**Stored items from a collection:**
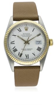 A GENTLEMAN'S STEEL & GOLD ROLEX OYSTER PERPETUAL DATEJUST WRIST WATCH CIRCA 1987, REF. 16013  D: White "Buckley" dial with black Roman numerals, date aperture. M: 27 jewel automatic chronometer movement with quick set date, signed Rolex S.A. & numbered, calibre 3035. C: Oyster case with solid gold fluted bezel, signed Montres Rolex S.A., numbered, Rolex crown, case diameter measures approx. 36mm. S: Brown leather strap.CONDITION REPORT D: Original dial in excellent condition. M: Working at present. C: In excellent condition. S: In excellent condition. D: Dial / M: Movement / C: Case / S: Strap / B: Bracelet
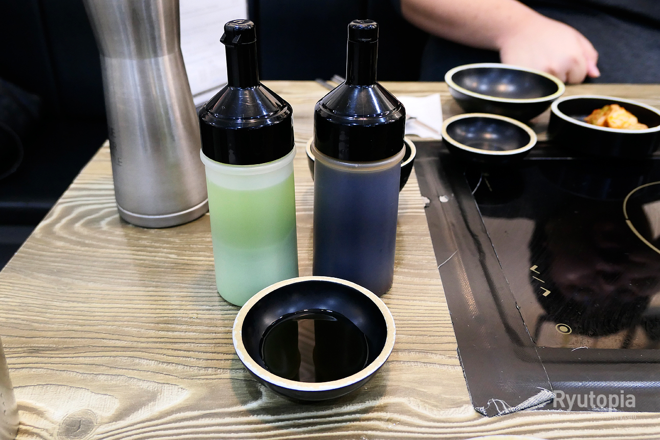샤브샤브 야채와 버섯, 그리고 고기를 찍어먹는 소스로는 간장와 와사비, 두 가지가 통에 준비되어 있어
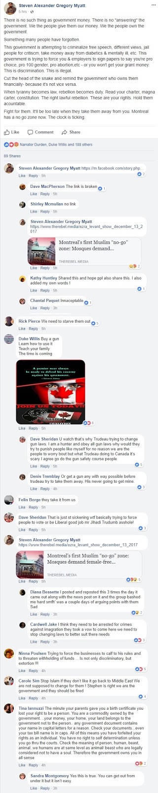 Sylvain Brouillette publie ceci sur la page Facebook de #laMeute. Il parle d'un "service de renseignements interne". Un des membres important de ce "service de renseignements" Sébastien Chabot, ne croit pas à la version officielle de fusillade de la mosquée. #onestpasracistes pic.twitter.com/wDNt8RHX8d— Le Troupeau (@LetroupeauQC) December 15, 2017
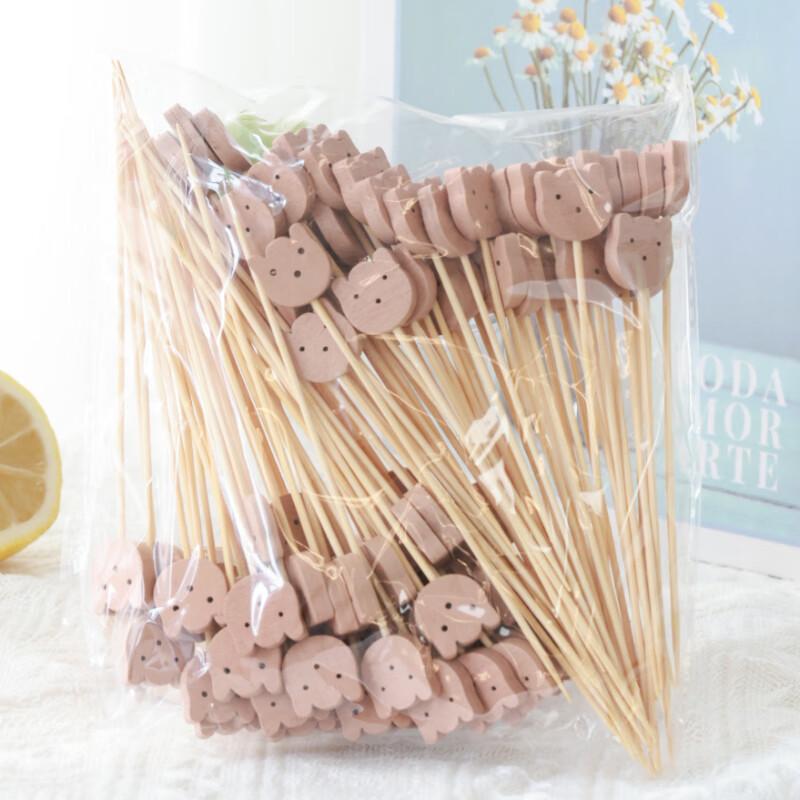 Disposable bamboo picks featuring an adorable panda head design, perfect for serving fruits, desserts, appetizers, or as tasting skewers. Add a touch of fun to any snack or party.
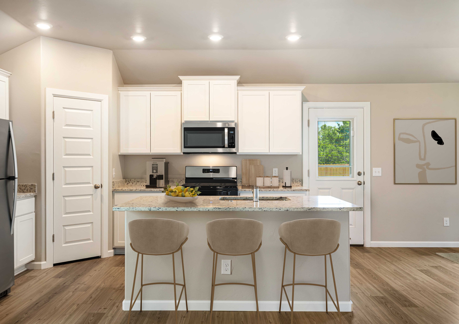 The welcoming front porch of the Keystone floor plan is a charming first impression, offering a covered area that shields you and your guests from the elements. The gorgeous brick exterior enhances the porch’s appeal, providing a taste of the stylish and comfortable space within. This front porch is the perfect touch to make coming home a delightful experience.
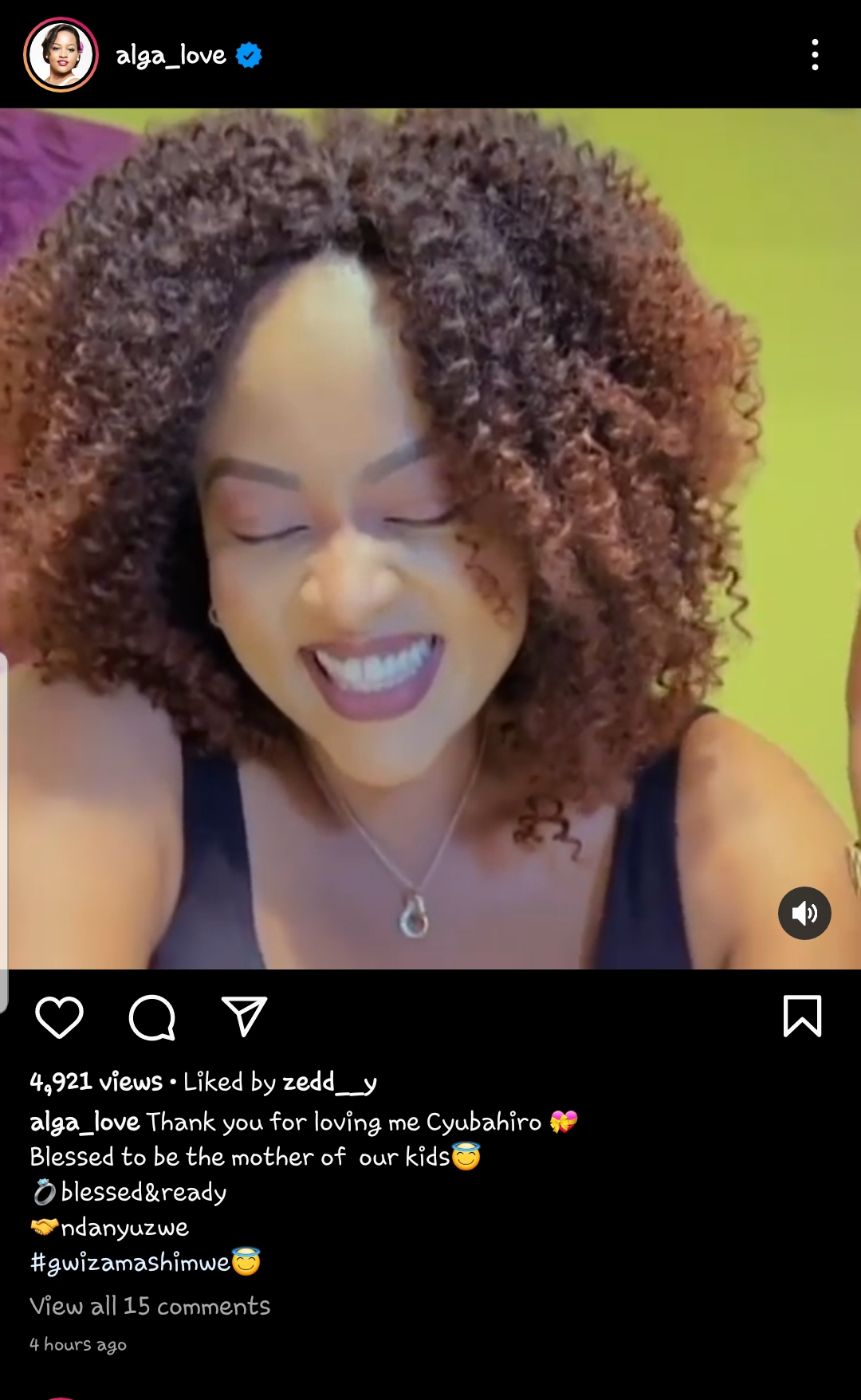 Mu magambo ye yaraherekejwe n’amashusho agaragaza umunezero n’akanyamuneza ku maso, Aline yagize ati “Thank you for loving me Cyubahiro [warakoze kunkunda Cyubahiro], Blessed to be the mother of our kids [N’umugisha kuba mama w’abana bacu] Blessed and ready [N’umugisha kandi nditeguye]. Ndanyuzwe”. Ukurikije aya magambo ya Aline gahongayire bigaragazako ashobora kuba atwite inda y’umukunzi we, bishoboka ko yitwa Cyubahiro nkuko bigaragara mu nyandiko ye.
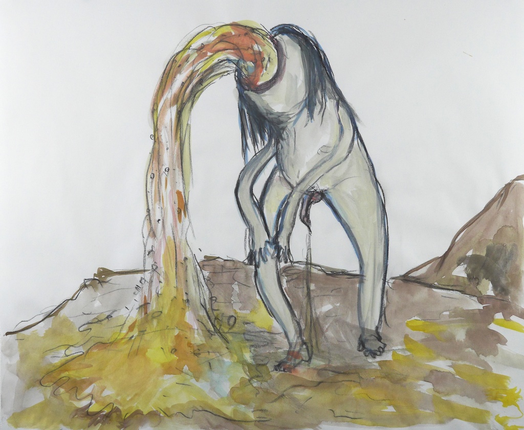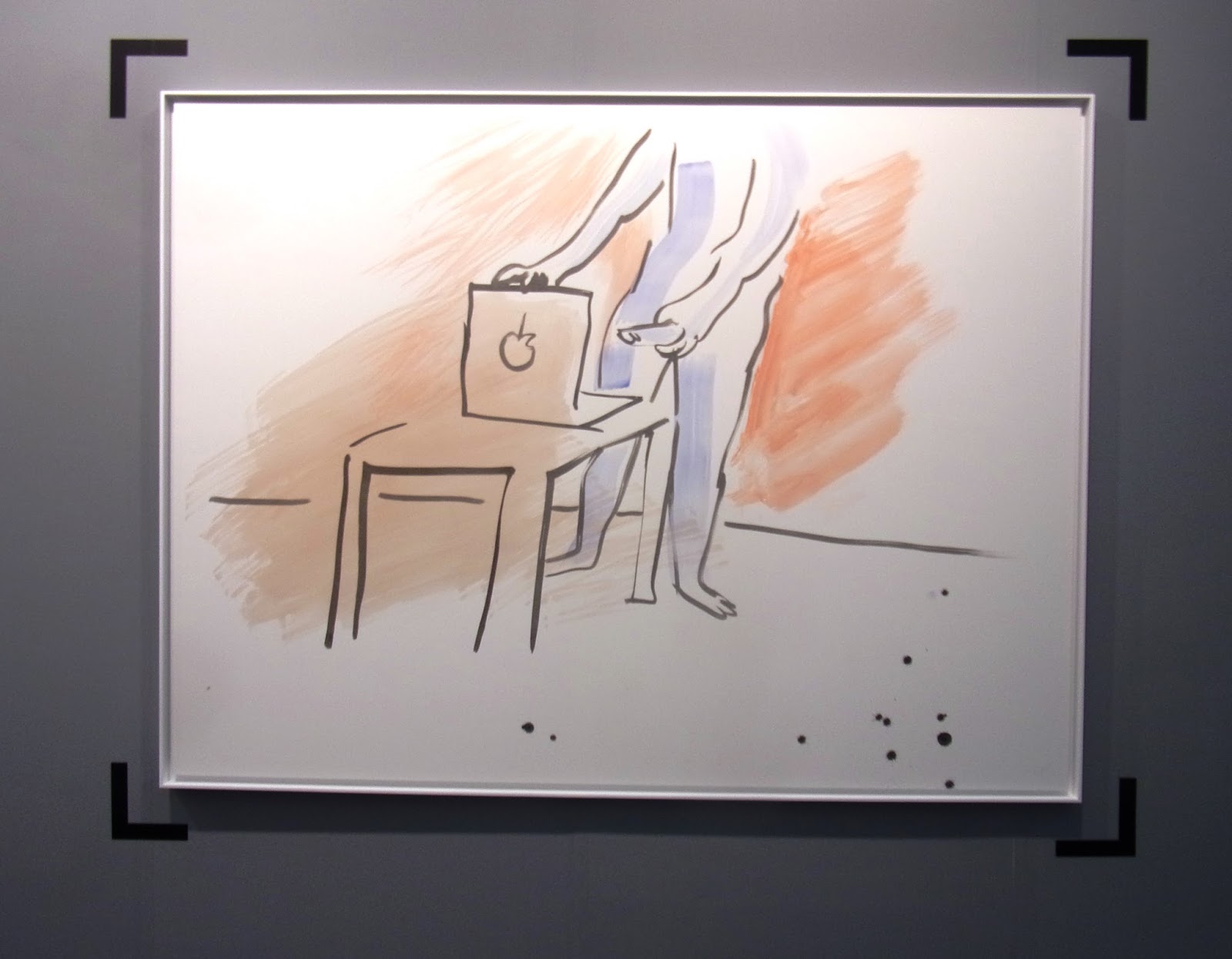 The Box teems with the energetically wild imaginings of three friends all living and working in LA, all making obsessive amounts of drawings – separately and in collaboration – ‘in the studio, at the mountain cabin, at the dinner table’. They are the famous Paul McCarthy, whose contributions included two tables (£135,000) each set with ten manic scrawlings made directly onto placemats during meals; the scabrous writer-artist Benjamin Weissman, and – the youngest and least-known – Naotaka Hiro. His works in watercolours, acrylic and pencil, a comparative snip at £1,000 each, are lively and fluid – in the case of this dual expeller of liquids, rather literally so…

**REQUIRED ACTION:**
Print each entry above verbatim, pictures left out.

**RESPONSE TO THIS EXERCISE:**
 A GENTLEMAN'S STEEL & GOLD ROLEX OYSTER PERPETUAL DATEJUST WRIST WATCH CIRCA 1987, REF. 16013  D: White "Buckley" dial with black Roman numerals, date aperture. M: 27 jewel automatic chronometer movement with quick set date, signed Rolex S.A. & numbered, calibre 3035. C: Oyster case with solid gold fluted bezel, signed Montres Rolex S.A., numbered, Rolex crown, case diameter measures approx. 36mm. S: Brown leather strap.CONDITION REPORT D: Original dial in excellent condition. M: Working at present. C: In excellent condition. S: In excellent condition. D: Dial / M: Movement / C: Case / S: Strap / B: Bracelet
샤브샤브 야채와 버섯, 그리고 고기를 찍어먹는 소스로는 간장와 와사비, 두 가지가 통에 준비되어 있어
 Sylvain Brouillette publie ceci sur la page Facebook de #laMeute. Il parle d'un "service de renseignements interne". Un des membres important de ce "service de renseignements" Sébastien Chabot, ne croit pas à la version officielle de fusillade de la mosquée. #onestpasracistes pic.twitter.com/wDNt8RHX8d— Le Troupeau (@LetroupeauQC) December 15, 2017
 Disposable bamboo picks featuring an adorable panda head design, perfect for serving fruits, desserts, appetizers, or as tasting skewers. Add a touch of fun to any snack or party.
 The welcoming front porch of the Keystone floor plan is a charming first impression, offering a covered area that shields you and your guests from the elements. The gorgeous brick exterior enhances the porch’s appeal, providing a taste of the stylish and comfortable space within. This front porch is the perfect touch to make coming home a delightful experience.
 Mu magambo ye yaraherekejwe n’amashusho agaragaza umunezero n’akanyamuneza ku maso, Aline yagize ati “Thank you for loving me Cyubahiro [warakoze kunkunda Cyubahiro], Blessed to be the mother of our kids [N’umugisha kuba mama w’abana bacu] Blessed and ready [N’umugisha kandi nditeguye]. Ndanyuzwe”. Ukurikije aya magambo ya Aline gahongayire bigaragazako ashobora kuba atwite inda y’umukunzi we, bishoboka ko yitwa Cyubahiro nkuko bigaragara mu nyandiko ye.
 The Box teems with the energetically wild imaginings of three friends all living and working in LA, all making obsessive amounts of drawings – separately and in collaboration – ‘in the studio, at the mountain cabin, at the dinner table’. They are the famous Paul McCarthy, whose contributions included two tables (£135,000) each set with ten manic scrawlings made directly onto placemats during meals; the scabrous writer-artist Benjamin Weissman, and – the youngest and least-known – Naotaka Hiro. His works in watercolours, acrylic and pencil, a comparative snip at £1,000 each, are lively and fluid – in the case of this dual expeller of liquids, rather literally so…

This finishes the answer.